Sunday, July 31, 2005

Cops and Knobbers Cont..

It's surprising that during these fragile times a driver on his way to work can be made to feel like a criminal because he's not conforming entirely with the Construction and Use elements of the Road Traffic Act. But the law, I suppose makes no distinctions between serious criminal offences and minor infractions in so far as no one is above the law and therefore all of us are bound by its precepts. And the law states that two tail lights should be illuminated on moving vehicles during periods of darkness and that four wheeled vehicles can't do impressions of Cyclops from the rear without attracting the attention of a modern day Odysseus.

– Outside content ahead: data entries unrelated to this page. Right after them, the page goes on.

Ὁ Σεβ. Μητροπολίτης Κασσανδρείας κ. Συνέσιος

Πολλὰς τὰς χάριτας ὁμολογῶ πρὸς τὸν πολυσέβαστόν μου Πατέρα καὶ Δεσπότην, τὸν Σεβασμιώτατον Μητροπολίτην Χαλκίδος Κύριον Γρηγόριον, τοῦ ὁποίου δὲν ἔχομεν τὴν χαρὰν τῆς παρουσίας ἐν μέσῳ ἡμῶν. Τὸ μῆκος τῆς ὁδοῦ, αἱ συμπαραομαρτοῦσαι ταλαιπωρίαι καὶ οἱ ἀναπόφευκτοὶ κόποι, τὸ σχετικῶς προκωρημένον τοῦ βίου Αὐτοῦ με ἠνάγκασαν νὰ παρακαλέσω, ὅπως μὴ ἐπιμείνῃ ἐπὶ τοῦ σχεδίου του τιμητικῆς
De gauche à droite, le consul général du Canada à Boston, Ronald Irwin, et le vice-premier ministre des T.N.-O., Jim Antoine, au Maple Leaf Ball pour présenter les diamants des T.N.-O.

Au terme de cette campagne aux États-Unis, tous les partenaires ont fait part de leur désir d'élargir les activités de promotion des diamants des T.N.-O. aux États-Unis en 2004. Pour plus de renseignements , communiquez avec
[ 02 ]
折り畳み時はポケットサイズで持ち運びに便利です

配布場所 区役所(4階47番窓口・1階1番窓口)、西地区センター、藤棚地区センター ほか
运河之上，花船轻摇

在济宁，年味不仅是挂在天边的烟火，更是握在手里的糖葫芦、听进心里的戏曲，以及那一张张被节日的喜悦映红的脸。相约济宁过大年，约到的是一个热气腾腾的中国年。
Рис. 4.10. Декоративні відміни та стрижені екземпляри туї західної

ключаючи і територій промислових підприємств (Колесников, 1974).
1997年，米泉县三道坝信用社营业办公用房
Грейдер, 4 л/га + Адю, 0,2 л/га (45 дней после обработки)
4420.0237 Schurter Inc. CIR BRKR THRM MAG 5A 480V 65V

I could so easily have avoided this brush with authority if I had not treated the bulb-out- matter as trivial and allowed the problem of purchasing a £1.99 new bulb to languish at the bottom of my mental 'to do list.' I knew the old one was keeping an irregular working pattern and was always likely to choose its flexible time off at suspicious 'two in the morning' type times, offering red rags - as opposed to a red lenses - to any trawling traffic bobbies anxious to relieve the crushing ennui of the night shift.

And of course once they've go you in, it's size 14 boot-filling time in open season and the check list is quickly out. Actually it was more like size 4 slingback-filling time as both officers were female - though what they lacked in foot bulk was more than compensated by their robust officialdom.

Once they'd finished grilling me in the rear, in the rear seat of their car, about rear light etiquettee; I was invited to join them in a bossy grand-voyage-around-my-car to check a few other matters of concern. It was like being in the presence of a couple of demonised cinema usherettes who instead of searching the rows of seats for sneak-in imps, illuminated the dark corners of my car for signs of hidden defects.

The legal minimum tread depth for car tyres in the United Kingdom and the European Community is 1.6 millimetres throughout a continuous band, three quarters of the width of tread wide and round the entire central circumference of the tyre. One of my tyres didn't seem to make this grade, though in the absence of an onboard police gizmo called a tread-gauge only an un-validated 1.6 millimetre finger nail was testament to this fact, and I was in no mood to accept that as proof beyond reasonable doubt.

So I was sent on my way with a Vehicle Defect Form and a HORT(1) documents producer. Which is sort of getting away with it, but I'm still pretty pissed off.